Ma Lorenzo Mattotti, il disegnatore nato a Brescia, transitato per Udine e diventato una star mondiale a Parigi, non ha mai temuto di confrontarsi con quel romanzo così bello e strano pubblicato a puntate da Dino Buzzati sul “Corriere dei Piccoli” nel 1945, e poi uscito in volume nello stesso anno da Rizzoli (ripreso, nel 1958, da Aldo Martello Editore). Perché lui, l’artista di “Fuochi”, “Labirinti”, “Stigmate”,  di uno straordinario “Pinocchio”, ha sempre amato l’autore del “Deserto dei Tartari” e di “Un amore”. Tanto da considerarlo uno dei suoi immaginari padri nel campo della creatività, della libertà di inventare e di sognare.

Ci son voluti anni perché “La famosa invasione degli orsi in Sicilia” diventasse un film disegnato e animato. Ma valeva la pena aspettare tutto questo tempo. Perché Lorenzo Mattotti non solo ha trasformato il romanzo di Dino Buzzati in un’opera visiva, e visionaria, che conquista per la bellezza, per la forza narrativa e artistica. Ha saputo, al tempo stesso, tradire il testo originale con grande sensibilità e intelligenza. Inventando attorno al racconto degli orsi di Re Leonzio, che scendono dalle montagne per ritrovare il piccolo Tonio, rapito da due cacciatori e portato alla corte del malvagio Granduca come un grazioso giocattolino pronto a divertire il tiranno, due personaggi inesistenti nel libro: il vecchio cantastorie Gedeone e la sua piccola aiutante Almerina, che si chiama come la moglie di Dino Buzzati, morta nel novembre del 2015.

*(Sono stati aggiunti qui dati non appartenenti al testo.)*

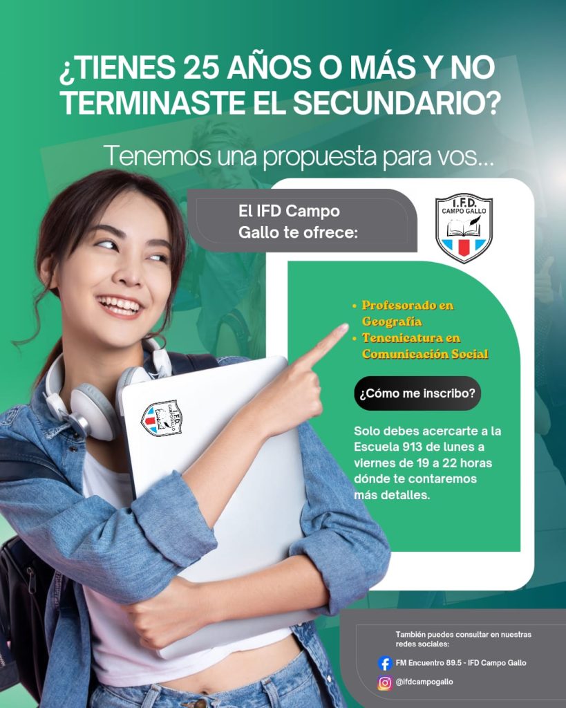 Los interesados en dar este paso hacia su crecimiento profesional deben dirigirse a la sede de la institución (que funciona en el edificio de la Escuela N° 913), horario de atención: Lunes a viernes de 19:00 a 22:00 hs, o pueden realizarse consultas digitales en Facebook “FM Encuentro 89.5 – IFD Campo Gallo” o en Instagram: @ifdcampogallo

Insieme agli sceneggiatori Thomas Bidegain e Jean Luc Fromental, Lorenzo Mattotti ha saputo fare di queste figure, e del Vecchio Orso, che diventa il deus ex machina della seconda parte della pellicola e della narrazione, due perfetti spiriti guida pronti a introdurre chi guarda nel mondo incantato e inquieto, a tratti crudele e buio, ma sempre pervaso di magia e di poesia, del racconto.

Film bello, da vedere assolutamente,  “La famosa invasione degli orsi in Sicilia”. Curatissimo in tutti i dettagli. Basterà dire, per non rovinare la sorpresa della visione, che la colonna sonora è firmata da un grande musicista francese come René Aubry. E che tra le voci dei personaggi, nella versione italiana, la parte di Vecchio Orso tocca a uno degli scrittori più amati della narrativa di fine ‘900 e di inizio terzo millennio: Andrea Camilleri. Il papà  del commissario Montalbano, che ci ha lasciati poco meno di quattro mesi fa, il 17 luglio. Accanto a lui, Toni Servillo regala la sua voce a Re Leonzio; Antonio Albanese a Gedeone; Linda Caridi ad Almerina; Corrado Guzzanti a Salnitro.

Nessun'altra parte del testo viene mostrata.